# The input
══════

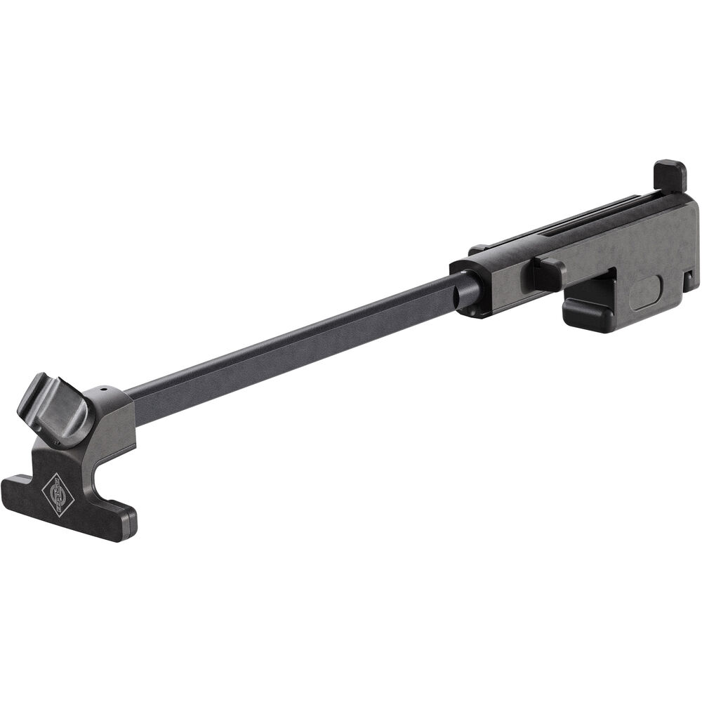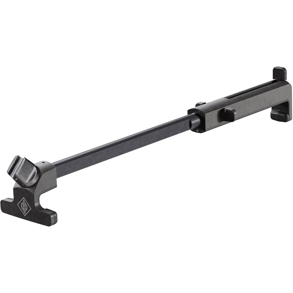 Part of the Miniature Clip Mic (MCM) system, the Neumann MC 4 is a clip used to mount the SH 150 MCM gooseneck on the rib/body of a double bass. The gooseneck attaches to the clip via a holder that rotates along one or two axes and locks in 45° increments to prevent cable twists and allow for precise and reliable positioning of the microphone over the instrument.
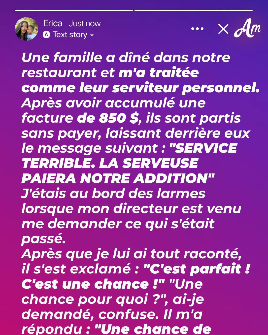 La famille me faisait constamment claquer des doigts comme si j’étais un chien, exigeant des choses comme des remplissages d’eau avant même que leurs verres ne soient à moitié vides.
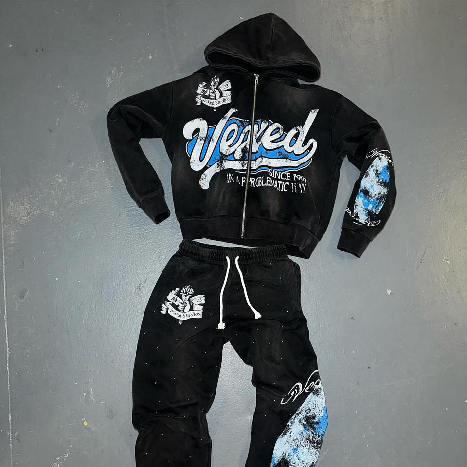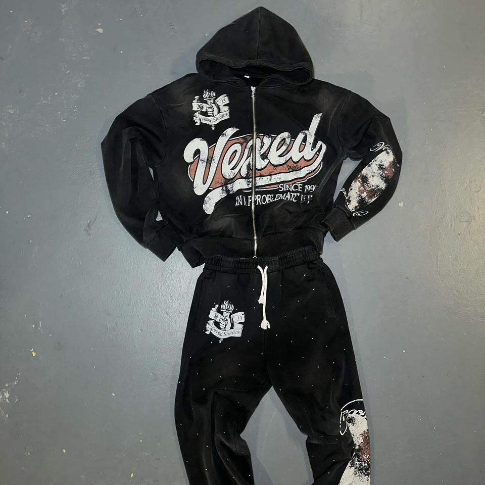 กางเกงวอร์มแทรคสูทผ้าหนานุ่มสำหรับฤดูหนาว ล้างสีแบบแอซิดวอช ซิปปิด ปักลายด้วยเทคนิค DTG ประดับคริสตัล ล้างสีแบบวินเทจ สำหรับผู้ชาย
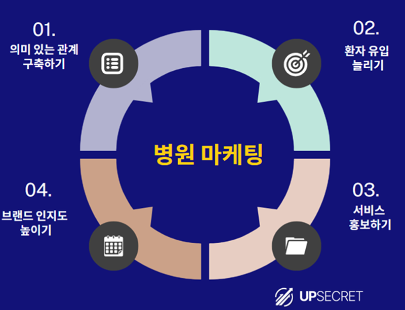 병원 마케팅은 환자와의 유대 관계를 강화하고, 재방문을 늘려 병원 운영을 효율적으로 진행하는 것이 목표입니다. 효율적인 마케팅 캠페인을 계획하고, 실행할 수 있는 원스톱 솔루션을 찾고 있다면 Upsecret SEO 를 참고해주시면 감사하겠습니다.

══════

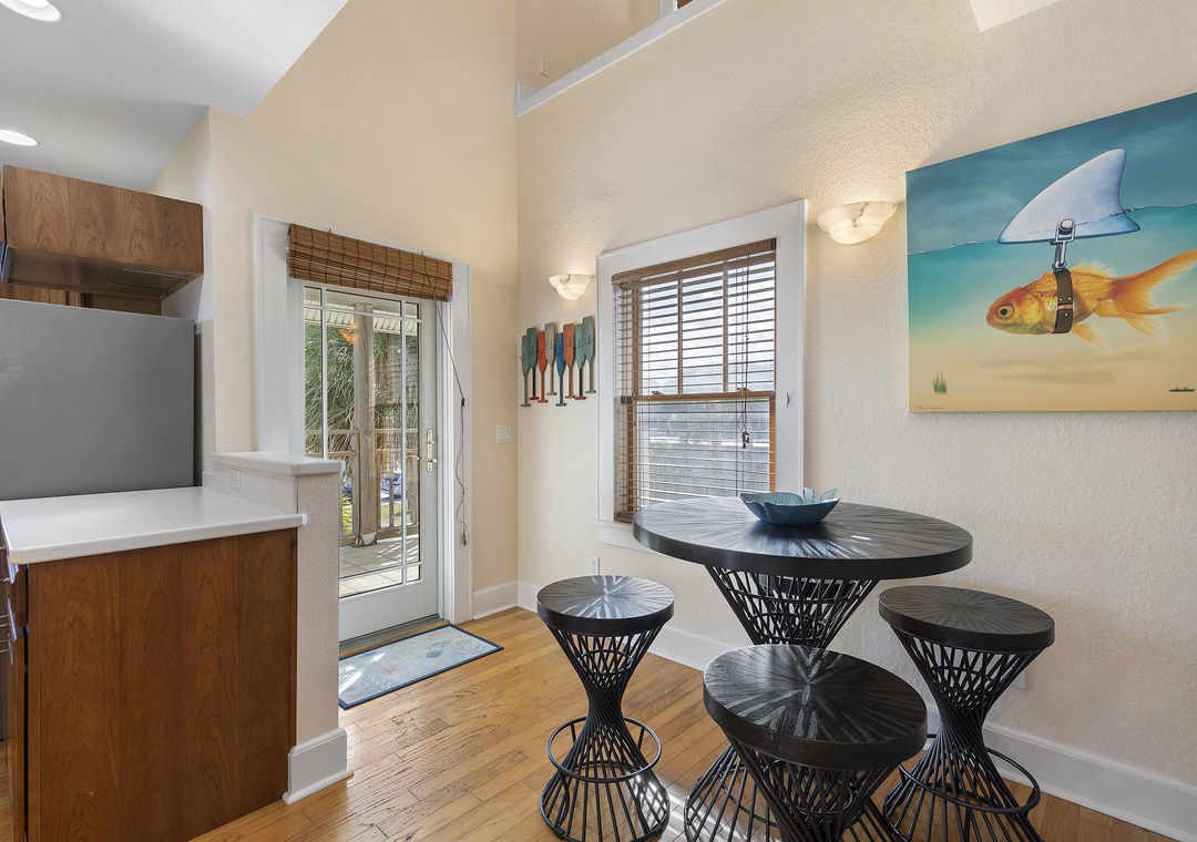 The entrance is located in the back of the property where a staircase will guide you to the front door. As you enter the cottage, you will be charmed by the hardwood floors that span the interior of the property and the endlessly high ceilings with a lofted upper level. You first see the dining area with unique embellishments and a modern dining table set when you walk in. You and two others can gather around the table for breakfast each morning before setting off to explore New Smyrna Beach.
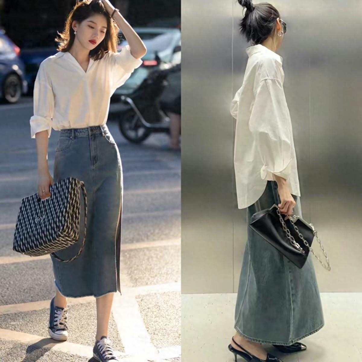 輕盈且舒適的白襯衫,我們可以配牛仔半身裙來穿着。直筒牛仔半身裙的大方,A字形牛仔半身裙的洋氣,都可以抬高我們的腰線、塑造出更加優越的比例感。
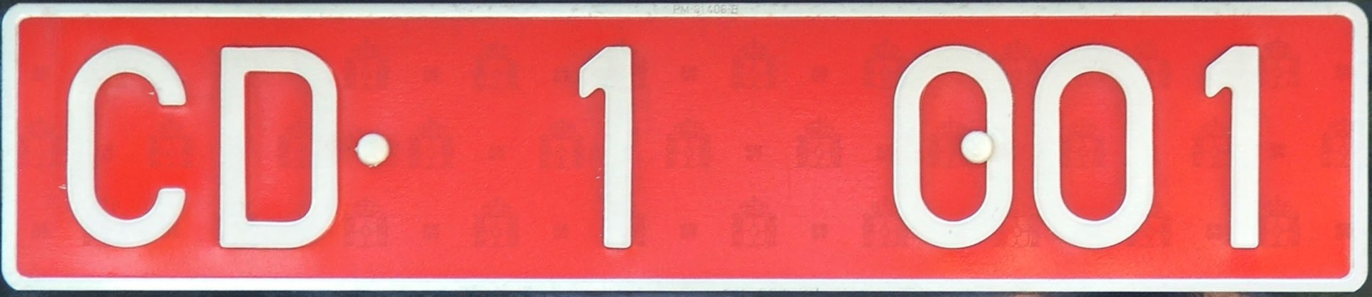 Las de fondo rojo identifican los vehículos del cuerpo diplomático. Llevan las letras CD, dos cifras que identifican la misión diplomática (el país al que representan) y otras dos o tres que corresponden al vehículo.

══════

# Your task
Would you copy, word for word, only the lines above from the one containing "The entrance is" through the one containing "Las de fondo", both included, and please leave out the pictures?

# Answer space
 The entrance is located in the back of the property where a staircase will guide you to the front door. As you enter the cottage, you will be charmed by the hardwood floors that span the interior of the property and the endlessly high ceilings with a lofted upper level. You first see the dining area with unique embellishments and a modern dining table set when you walk in. You and two others can gather around the table for breakfast each morning before setting off to explore New Smyrna Beach.
 輕盈且舒適的白襯衫,我們可以配牛仔半身裙來穿着。直筒牛仔半身裙的大方,A字形牛仔半身裙的洋氣,都可以抬高我們的腰線、塑造出更加優越的比例感。
 Las de fondo rojo identifican los vehículos del cuerpo diplomático. Llevan las letras CD, dos cifras que identifican la misión diplomática (el país al que representan) y otras dos o tres que corresponden al vehículo.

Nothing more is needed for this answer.